Reducing Test Cases

When reporting a bug, or investing a bug report, in Wasmtime it is easier for everyone involved when there is a test case that reproduces the bug. It is even better when that test case is as small as possible, so that developers don't need to wade through megabytes of unrelated Wasm that isn't necessary to showcase the bug. The process of taking a large test case and stripping out the unnecessary bits is called test case reduction.

The wasm-tools shrink tool can automatically reduce Wasm test cases when given

  1. the original, unreduced test case, and
  2. a predicate script to determine whether the bug reproduces on a given reduced test case candidate.

If the test case causes Wasmtime to segfault, the script can run Wasmtime and check its exit code. If the test case produces a different result in Wasmtime vs another Wasm engine, the script can run both engines and compare their results. It is also often useful to grep through the candidate's WAT disassembly to make sure that relevant features and instructions are present.

Case Study: Issue #7779

A bug was reported involving the memory.init instruction. The attached test case was larger than it needed to be and contained a bunch of functions and other things that were irrelevant. A perfect use case for wasm-tools shrink!

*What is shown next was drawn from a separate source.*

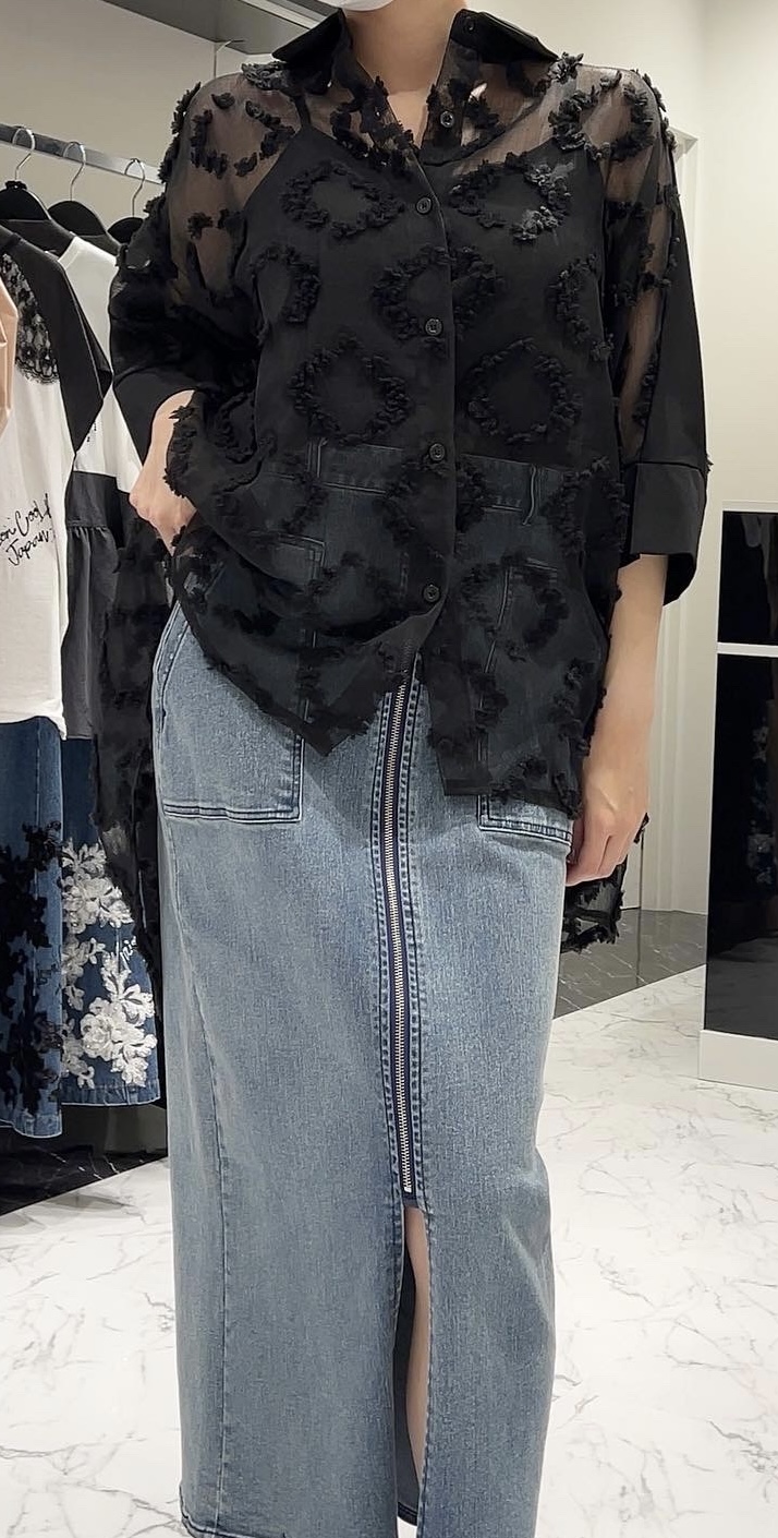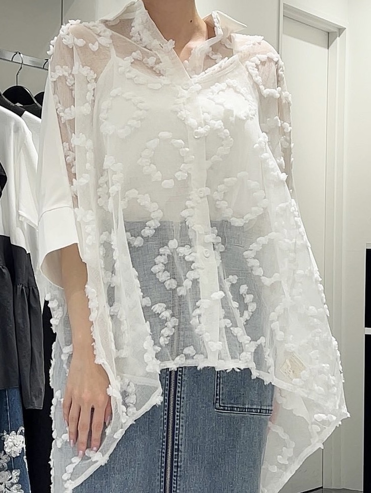 大胆な立体デコレーションが大人可愛いシアーシャツです。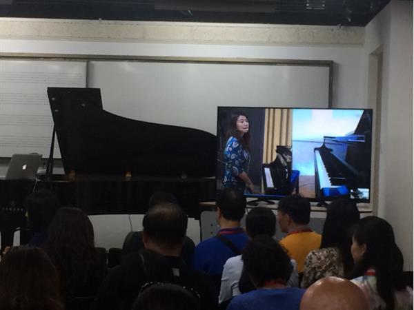 会上,进行了北京、杭州、绵阳三地钢琴教学1对2大师班的音乐教学展示。我院钢琴系副主任朱楣在学院远程钢琴教室,对千里之外的中央音乐学院钢琴系研究生进行了专业授课指导,同时绵阳师范学院师生作为观摩院校,在线实时参加大师班,并作了互动交流。此次活动全程高质量音视频流的稳定传输,智能钢琴的高保真还原演奏和高清的视频画面,极大提升了音乐远程教学效果和质量,同时为音乐教育拓宽了地域和时间的边界

First, we needed a predicate script to identify the reported buggy behavior. The script is given the candidate test case as its first argument and must exit zero if the candidate exhibits the bug and non-zero otherwise.

#!/usr/bin/env bash

# Propagate failure: exit non-zero if any individual command exits non-zero.
set -e

# Disassembly the candidate into WAT. Make sure the `memory.init` instruction
# is present, since the bug report is about that instruction. Additionally, make
# sure it is referencing the same data segment.
wasm-tools print $1 | grep -q 'memory.init 2'

# Make sure that the data segment in question remains unchanged, as mutating its
# length can change the semantics of the `memory.init` instruction.
wasm-tools print $1 | grep -Eq '\(data \(;2;\) \(i32\.const 32\) "\\01\\02\\03\\04\\05\\06\\07\\08\\ff"\)'

# Make sure that the `_start` function that contains the `memory.init` is still
# exported, so that running the Wasm will run the `memory.init` instruction.
wasm-tools print $1 | grep -Eq '\(export "_start" \(func 0\)\)'

# Run the testcase in Wasmtime and make sure that it traps the same way as the
# original test case.
cargo run --manifest-path ~/wasmtime/Cargo.toml -- run $1 2>&1 \
    | grep -q 'wasm trap: out of bounds memory access'

Note that this script is a little fuzzy! It just checks for memory.init and a particular trap. That trap can correctly occur according to Wasm semantics when memory.init is given certain inputs! This means we need to double check that the reduced test case actually exhibits a real bug and its inputs haven't been transformed into something that Wasm semantics specify should indeed trap. Sometimes writing very precise predicate scripts is difficult, but we do the best we can and usually it works out fine.

With the predicate script in hand, we can automatically reduce the original test case:

$ wasm-tools shrink predicate.sh test-case.wasm
369 bytes (1.07% smaller)
359 bytes (3.75% smaller)
357 bytes (4.29% smaller)
354 bytes (5.09% smaller)
344 bytes (7.77% smaller)
...
118 bytes (68.36% smaller)
106 bytes (71.58% smaller)
94 bytes (74.80% smaller)
91 bytes (75.60% smaller)
90 bytes (75.87% smaller)

test-case.shrunken.wasm :: 90 bytes (75.87% smaller)
================================================================================
(module
  (type (;0;) (func))
  (func (;0;) (type 0)
    (local i32 f32 i64 f64)
    i32.const 0
    i32.const 9
    i32.const 0
    memory.init 2
  )
  (memory (;0;) 1 5)
  (export "_start" (func 0))
  (data (;0;) (i32.const 8) "")
  (data (;1;) (i32.const 16) "")
  (data (;2;) (i32.const 32) "\01\02\03\04\05\06\07\08\ff")
)
================================================================================

In this case, the arguments to the original memory.init instruction haven't changed, and neither has the relevant data segment, so the reduced test case should exhibit the same behavior as the original.

In the end, it was determined that Wasmtime was behaving as expected, but the presence of the reduced test case makes it much easier to make that determination.